### TASK
Reproduce exactly the span of lines beginning at the one with "南宁职业技术学院2023年4月零星维修工程项目采购公告" and ending at the last line of the data below, omitting pictures.

### DATA BLOCK
☆ ☆ ☆ ☆

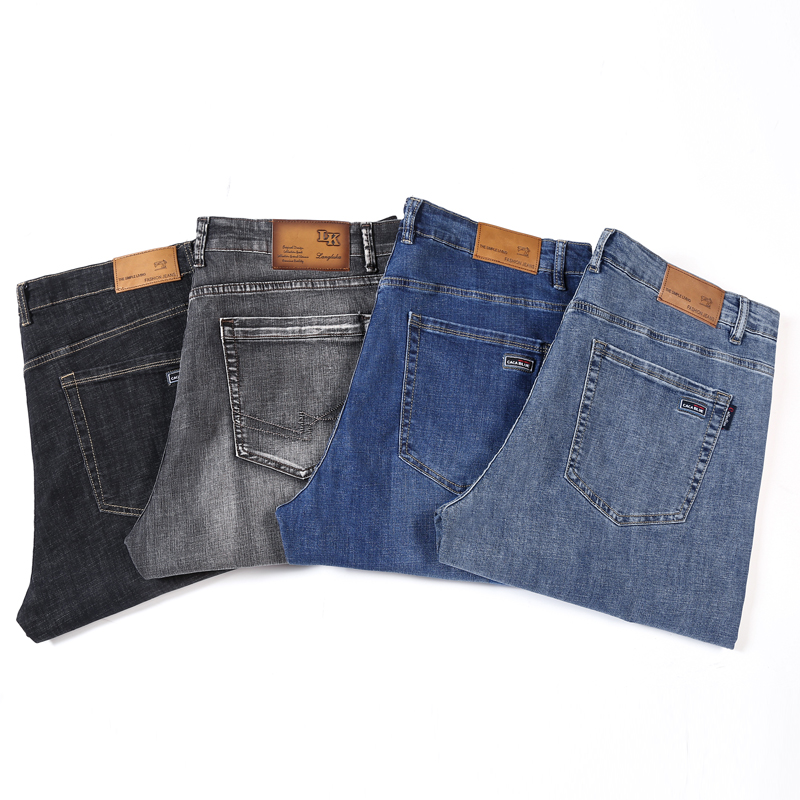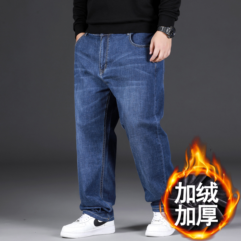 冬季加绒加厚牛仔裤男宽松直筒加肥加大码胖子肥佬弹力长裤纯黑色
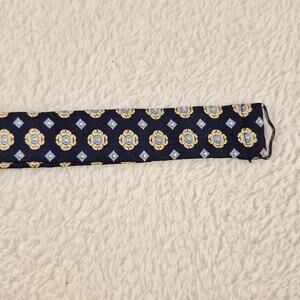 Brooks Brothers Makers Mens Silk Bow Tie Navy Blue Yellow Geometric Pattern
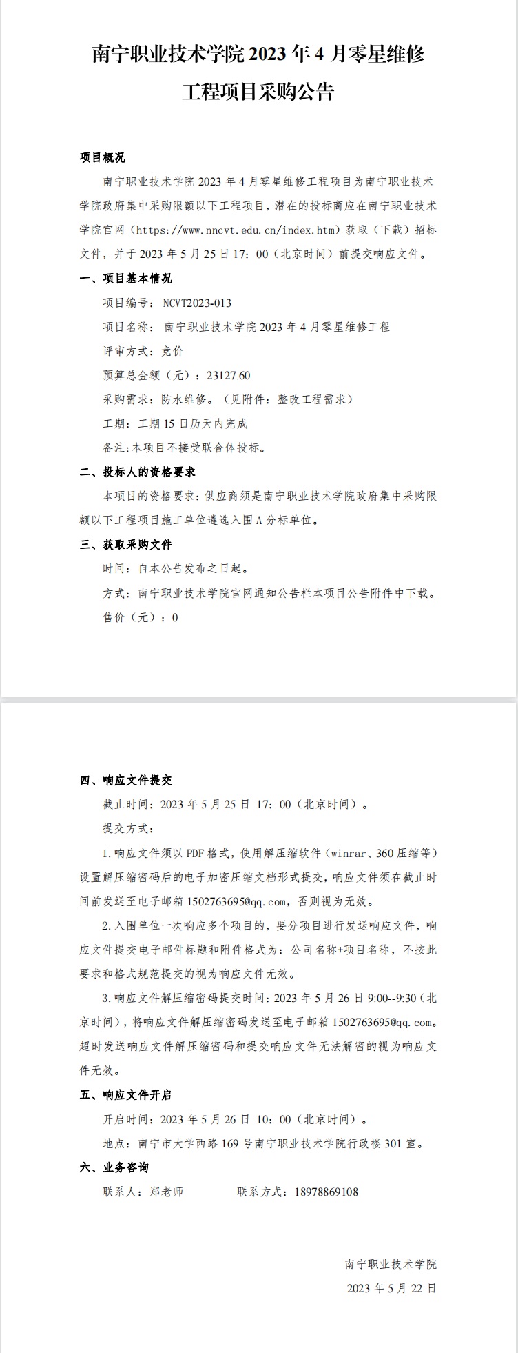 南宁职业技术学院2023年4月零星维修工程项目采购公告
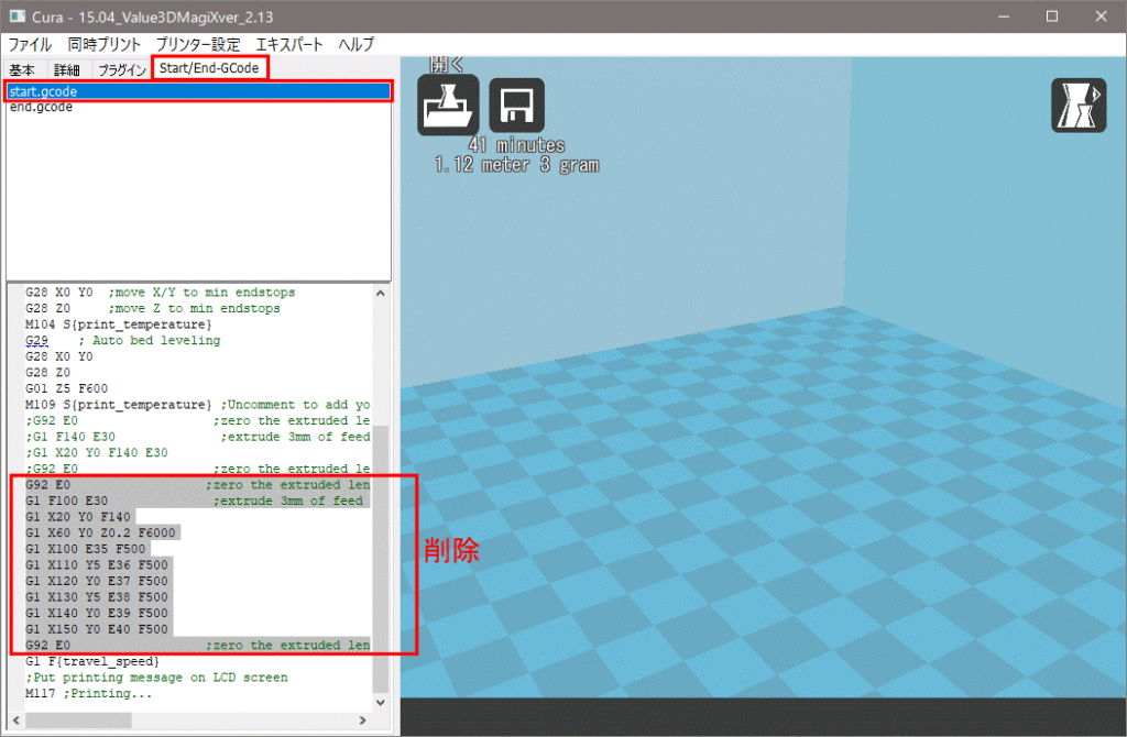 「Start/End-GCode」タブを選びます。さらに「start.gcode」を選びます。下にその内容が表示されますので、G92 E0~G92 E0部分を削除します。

☆ ☆ ☆ ☆

### RESPONSE
 南宁职业技术学院2023年4月零星维修工程项目采购公告
 「Start/End-GCode」タブを選びます。さらに「start.gcode」を選びます。下にその内容が表示されますので、G92 E0~G92 E0部分を削除します。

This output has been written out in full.